In contrast, FISH results from the late-step 1A9-A8 cells, showed the presence of a mixed population. Metaphase spreads from all three cell lines were hybridized with BAC clone RP11-506k6 containing the β-tubulin gene M40, and a centromeric probe for chromosome 6, followed by counterstaining with nucleic acid stain Sytox Blue. The parental 1A9 cells displayed two copies of chromosome 6 as evidenced by the chromosome 6 centromeric probe staining. Both 6 chromosomes displayed staining for the BAC clone indicating two copies of the β-tubulin gene M40. The early-step clone 1A9-A8E presented a similar karyotype as the parental cells, with two copies of chromosome 6 each containing the β-tubulin BAC clone. In the late-step 1A9-A8 cells however, only one chromosome 6 stained for the BAC clone, although both copies of the chromosome 6 were present. In 1A9-A8, the chromosome 6 lost the chromosomal region of 6p25.

In summary, approximately 25% of 1A9-A8 cells displayed a pattern where the BAC probe hybridized to only one copy of chromosome 6, while the second copy of chromosome 6 was devoid of BAC hybridization. In these cells, the LOH event probably involved partial chromosome loss. This result was consistent with the observed loss of heterozygosity for 6p25. The remaining 75% of 1A9-A8 cells exhibited BAC hybridization to both copies of chromosome 6. Based on the LOH analysis showing loss of heterozygosity for 6p25, this result indicated that drug selection of the 1A9-A8 cells lead to the loss of the entire chromosome containing the wt β-tubulin allele followed by duplication of the chromosome containing the mutant β-tubulin allele.

Methods

Cell Lines, Antibodies and Drugs.

The epothilone A resistant cell line, 1A9-A8, was selected from the human ovarian carcinoma 1A9 cells as described by Giannakakou et al. ((2000) Proc. Natl. Acad. Sci. USA 97:2904-2909). The 1A9-A8E clone (expressing both wt and mutant alleles) was an intermediate isolate in the selection process of 1A9-A8 (mutant allele only) cells.
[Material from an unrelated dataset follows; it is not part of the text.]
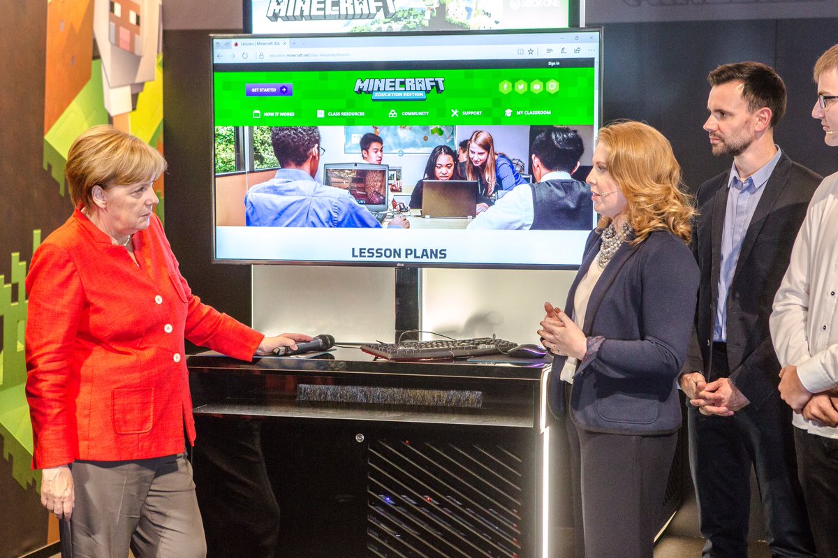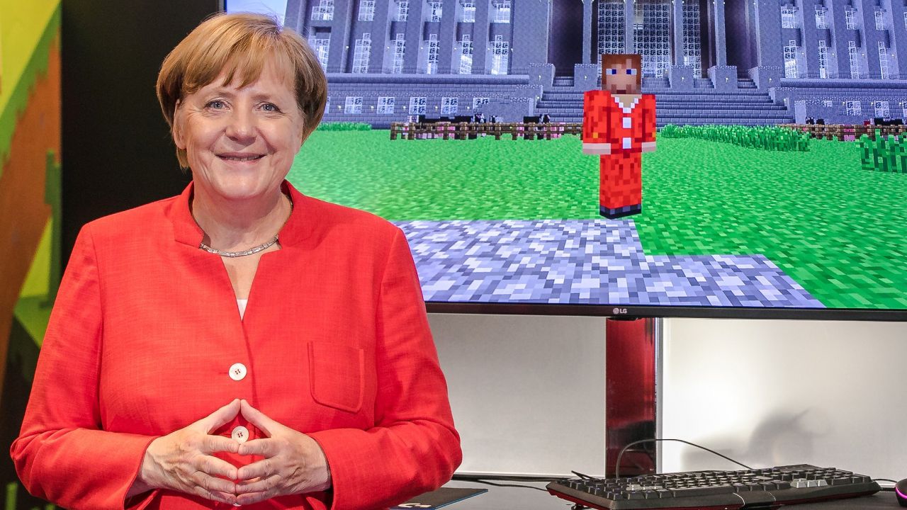 Ну, а если серьёзно, то это фото с GamesCon 2017, где канцлер Германии приняла участие в церемонии открытия. Ей представили Minecraft Education Edition, после чего она сказала: «Наша задача обновить традиционные техники обучения для будущих поколений».

These cells were cultured in RPMI 1640 medium (Cellgro, Herndon, Va.) supplemented with 10% fetal bovine serum (Invitrogen, Carlsbad, Calif.) and 1% Penicillin-Streptomycin (Cellgro), and grown as monolayers at 37° C. in a 5% CO2 tissue culture incubator. The mouse monoclonal anti-α-tubulin (DM1α) antibody used is from Sigma Chemical Co. (St. Louis, Mo.). Both epothilones A and B were a generous gift from the laboratory of K. C. Nicolaou (The Scripps Research Institute, La Jolla, Calif.). Paclitaxel (Taxol®) was purchased from Sigma Chemical Co. and vincristine from Eli-Lilly (Indianapolis, Ind.).

Drug Sensitivity Assay.

Cytotoxicity assays using the protein-staining sulforhodamine B (SRB) method were performed in 96-well plates, as described by Giannakakou et al. ((1997) J. Biol. Chem. 272:17118-17125).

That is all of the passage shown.